Exercise prompt
Return only the lines running from the top of the entries to the line with "刘婉婷同学专业知识技能丰富扎", inclusive, exactly as written.
**** Exercise materials
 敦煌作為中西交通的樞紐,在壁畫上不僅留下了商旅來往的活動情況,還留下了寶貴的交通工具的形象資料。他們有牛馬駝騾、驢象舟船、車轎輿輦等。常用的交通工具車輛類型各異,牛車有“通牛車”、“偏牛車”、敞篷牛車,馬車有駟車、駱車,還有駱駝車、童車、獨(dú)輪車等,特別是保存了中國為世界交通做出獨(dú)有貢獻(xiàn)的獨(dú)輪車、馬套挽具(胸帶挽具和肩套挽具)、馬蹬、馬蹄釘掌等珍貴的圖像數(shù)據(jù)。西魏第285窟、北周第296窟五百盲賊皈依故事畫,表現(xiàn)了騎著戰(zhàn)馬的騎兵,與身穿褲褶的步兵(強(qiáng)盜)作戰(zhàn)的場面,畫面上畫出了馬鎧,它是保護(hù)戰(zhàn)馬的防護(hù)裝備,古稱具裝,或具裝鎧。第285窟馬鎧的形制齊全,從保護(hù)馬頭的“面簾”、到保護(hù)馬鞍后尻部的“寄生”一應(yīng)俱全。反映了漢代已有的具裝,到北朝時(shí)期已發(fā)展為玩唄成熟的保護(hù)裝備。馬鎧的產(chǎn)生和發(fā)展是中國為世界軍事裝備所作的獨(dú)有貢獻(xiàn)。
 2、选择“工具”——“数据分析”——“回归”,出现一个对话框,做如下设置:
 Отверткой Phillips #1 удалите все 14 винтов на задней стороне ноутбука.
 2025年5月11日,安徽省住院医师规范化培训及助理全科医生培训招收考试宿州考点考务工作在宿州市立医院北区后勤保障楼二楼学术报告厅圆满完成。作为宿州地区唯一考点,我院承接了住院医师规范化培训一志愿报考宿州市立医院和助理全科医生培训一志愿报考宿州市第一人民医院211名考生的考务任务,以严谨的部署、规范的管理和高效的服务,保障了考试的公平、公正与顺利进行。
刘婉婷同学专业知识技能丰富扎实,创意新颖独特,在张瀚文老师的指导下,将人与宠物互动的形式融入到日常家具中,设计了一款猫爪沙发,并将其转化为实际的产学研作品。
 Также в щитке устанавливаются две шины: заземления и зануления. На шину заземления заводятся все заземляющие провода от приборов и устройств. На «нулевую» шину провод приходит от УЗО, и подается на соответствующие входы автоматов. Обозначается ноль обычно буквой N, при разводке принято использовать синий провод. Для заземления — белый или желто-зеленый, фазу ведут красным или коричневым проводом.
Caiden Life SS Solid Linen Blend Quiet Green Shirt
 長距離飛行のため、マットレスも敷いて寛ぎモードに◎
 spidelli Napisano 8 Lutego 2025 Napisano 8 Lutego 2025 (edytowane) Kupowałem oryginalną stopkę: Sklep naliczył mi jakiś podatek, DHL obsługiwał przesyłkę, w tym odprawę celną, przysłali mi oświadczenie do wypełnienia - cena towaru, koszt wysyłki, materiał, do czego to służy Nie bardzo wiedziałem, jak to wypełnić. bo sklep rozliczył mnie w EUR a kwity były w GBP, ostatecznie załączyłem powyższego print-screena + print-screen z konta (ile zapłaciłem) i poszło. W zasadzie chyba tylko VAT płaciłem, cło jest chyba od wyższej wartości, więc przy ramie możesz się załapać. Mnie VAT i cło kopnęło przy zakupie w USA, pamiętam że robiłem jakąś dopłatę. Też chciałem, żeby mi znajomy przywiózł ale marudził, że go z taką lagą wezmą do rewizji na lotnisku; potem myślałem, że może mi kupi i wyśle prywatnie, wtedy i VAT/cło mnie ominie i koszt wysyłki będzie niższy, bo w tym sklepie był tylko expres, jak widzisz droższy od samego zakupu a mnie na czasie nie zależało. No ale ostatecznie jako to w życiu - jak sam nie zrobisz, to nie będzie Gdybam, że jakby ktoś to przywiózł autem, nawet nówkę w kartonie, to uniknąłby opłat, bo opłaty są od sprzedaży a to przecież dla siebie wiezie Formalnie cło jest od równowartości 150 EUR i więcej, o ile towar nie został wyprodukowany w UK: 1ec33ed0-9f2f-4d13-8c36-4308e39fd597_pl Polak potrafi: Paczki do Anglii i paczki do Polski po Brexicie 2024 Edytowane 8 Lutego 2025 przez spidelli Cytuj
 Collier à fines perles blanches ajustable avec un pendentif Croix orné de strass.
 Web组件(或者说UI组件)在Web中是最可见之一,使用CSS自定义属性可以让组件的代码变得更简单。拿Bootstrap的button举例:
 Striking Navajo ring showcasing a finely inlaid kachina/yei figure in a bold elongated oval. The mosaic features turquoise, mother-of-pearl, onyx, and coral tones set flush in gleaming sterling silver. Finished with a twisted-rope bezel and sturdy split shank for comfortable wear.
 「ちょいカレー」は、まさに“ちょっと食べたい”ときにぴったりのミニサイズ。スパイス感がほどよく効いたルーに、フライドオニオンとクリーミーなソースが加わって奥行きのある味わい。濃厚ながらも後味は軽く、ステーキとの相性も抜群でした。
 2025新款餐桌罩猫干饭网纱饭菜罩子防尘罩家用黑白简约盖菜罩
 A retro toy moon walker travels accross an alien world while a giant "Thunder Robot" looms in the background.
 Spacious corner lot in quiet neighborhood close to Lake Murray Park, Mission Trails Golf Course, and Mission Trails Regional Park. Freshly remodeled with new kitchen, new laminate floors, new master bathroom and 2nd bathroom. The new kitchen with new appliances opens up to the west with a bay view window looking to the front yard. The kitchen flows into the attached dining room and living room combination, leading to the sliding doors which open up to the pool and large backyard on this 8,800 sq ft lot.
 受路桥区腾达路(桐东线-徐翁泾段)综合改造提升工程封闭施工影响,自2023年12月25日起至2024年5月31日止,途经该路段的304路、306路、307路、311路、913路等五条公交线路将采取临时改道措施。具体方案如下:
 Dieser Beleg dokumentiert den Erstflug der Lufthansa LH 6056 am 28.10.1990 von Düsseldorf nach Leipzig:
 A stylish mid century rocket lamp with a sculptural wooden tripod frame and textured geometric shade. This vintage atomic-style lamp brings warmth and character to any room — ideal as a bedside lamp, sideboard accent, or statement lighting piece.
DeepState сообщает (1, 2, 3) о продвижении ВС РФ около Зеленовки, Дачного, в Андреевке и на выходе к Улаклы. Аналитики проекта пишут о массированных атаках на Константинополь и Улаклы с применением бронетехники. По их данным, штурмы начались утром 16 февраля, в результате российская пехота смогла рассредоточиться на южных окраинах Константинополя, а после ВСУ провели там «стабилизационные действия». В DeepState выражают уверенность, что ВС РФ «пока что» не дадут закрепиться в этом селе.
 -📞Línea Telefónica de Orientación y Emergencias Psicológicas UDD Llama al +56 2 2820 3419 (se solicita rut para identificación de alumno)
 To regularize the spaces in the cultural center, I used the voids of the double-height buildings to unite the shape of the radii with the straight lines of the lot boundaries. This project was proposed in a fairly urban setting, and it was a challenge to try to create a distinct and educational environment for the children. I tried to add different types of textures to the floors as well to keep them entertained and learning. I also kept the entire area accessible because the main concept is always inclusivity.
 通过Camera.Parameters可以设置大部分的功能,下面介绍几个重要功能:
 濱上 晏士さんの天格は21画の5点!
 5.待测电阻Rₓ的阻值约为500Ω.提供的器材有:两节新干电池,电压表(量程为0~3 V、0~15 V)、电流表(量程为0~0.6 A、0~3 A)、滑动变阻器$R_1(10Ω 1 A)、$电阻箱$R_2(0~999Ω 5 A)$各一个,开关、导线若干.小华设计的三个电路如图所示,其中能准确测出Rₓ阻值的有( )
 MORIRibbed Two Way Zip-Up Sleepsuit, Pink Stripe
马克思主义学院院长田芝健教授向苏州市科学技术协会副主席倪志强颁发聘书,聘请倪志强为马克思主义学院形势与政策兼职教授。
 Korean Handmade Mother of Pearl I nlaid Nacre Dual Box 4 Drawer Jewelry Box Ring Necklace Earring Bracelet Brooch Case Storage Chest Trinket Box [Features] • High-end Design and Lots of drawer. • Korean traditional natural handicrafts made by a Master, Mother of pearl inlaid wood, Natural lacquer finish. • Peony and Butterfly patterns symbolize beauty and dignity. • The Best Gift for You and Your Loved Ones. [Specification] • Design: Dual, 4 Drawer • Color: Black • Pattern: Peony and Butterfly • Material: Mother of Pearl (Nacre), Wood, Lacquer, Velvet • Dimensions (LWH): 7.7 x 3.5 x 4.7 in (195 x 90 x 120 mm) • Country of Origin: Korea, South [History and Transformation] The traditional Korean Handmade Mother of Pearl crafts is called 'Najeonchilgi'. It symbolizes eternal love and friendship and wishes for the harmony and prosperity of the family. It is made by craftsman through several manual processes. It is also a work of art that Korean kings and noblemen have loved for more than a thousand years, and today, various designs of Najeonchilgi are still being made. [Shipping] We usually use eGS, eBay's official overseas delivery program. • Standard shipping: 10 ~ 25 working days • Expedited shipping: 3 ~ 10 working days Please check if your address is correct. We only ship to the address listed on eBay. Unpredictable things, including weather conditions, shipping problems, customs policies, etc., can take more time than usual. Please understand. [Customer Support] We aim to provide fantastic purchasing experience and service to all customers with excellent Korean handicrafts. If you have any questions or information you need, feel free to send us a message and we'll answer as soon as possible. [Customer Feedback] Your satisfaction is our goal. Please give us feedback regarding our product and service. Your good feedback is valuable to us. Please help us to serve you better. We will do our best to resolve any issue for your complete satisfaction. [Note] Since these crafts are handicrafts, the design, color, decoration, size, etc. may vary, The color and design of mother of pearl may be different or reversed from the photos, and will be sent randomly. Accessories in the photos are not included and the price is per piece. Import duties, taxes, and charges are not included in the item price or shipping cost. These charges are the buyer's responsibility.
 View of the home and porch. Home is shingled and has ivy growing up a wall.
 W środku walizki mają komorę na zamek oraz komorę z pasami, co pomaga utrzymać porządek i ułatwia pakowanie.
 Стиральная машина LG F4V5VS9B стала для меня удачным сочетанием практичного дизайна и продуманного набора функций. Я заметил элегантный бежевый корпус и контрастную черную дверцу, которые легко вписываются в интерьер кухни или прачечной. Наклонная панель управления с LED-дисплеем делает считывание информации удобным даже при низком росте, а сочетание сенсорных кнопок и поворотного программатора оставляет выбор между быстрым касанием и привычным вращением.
********
Task output
 敦煌作為中西交通的樞紐,在壁畫上不僅留下了商旅來往的活動情況,還留下了寶貴的交通工具的形象資料。他們有牛馬駝騾、驢象舟船、車轎輿輦等。常用的交通工具車輛類型各異,牛車有“通牛車”、“偏牛車”、敞篷牛車,馬車有駟車、駱車,還有駱駝車、童車、獨(dú)輪車等,特別是保存了中國為世界交通做出獨(dú)有貢獻(xiàn)的獨(dú)輪車、馬套挽具(胸帶挽具和肩套挽具)、馬蹬、馬蹄釘掌等珍貴的圖像數(shù)據(jù)。西魏第285窟、北周第296窟五百盲賊皈依故事畫,表現(xiàn)了騎著戰(zhàn)馬的騎兵,與身穿褲褶的步兵(強(qiáng)盜)作戰(zhàn)的場面,畫面上畫出了馬鎧,它是保護(hù)戰(zhàn)馬的防護(hù)裝備,古稱具裝,或具裝鎧。第285窟馬鎧的形制齊全,從保護(hù)馬頭的“面簾”、到保護(hù)馬鞍后尻部的“寄生”一應(yīng)俱全。反映了漢代已有的具裝,到北朝時(shí)期已發(fā)展為玩唄成熟的保護(hù)裝備。馬鎧的產(chǎn)生和發(fā)展是中國為世界軍事裝備所作的獨(dú)有貢獻(xiàn)。
 2、选择“工具”——“数据分析”——“回归”,出现一个对话框,做如下设置:
 Отверткой Phillips #1 удалите все 14 винтов на задней стороне ноутбука.
 2025年5月11日,安徽省住院医师规范化培训及助理全科医生培训招收考试宿州考点考务工作在宿州市立医院北区后勤保障楼二楼学术报告厅圆满完成。作为宿州地区唯一考点,我院承接了住院医师规范化培训一志愿报考宿州市立医院和助理全科医生培训一志愿报考宿州市第一人民医院211名考生的考务任务,以严谨的部署、规范的管理和高效的服务,保障了考试的公平、公正与顺利进行。
刘婉婷同学专业知识技能丰富扎实,创意新颖独特,在张瀚文老师的指导下,将人与宠物互动的形式融入到日常家具中,设计了一款猫爪沙发,并将其转化为实际的产学研作品。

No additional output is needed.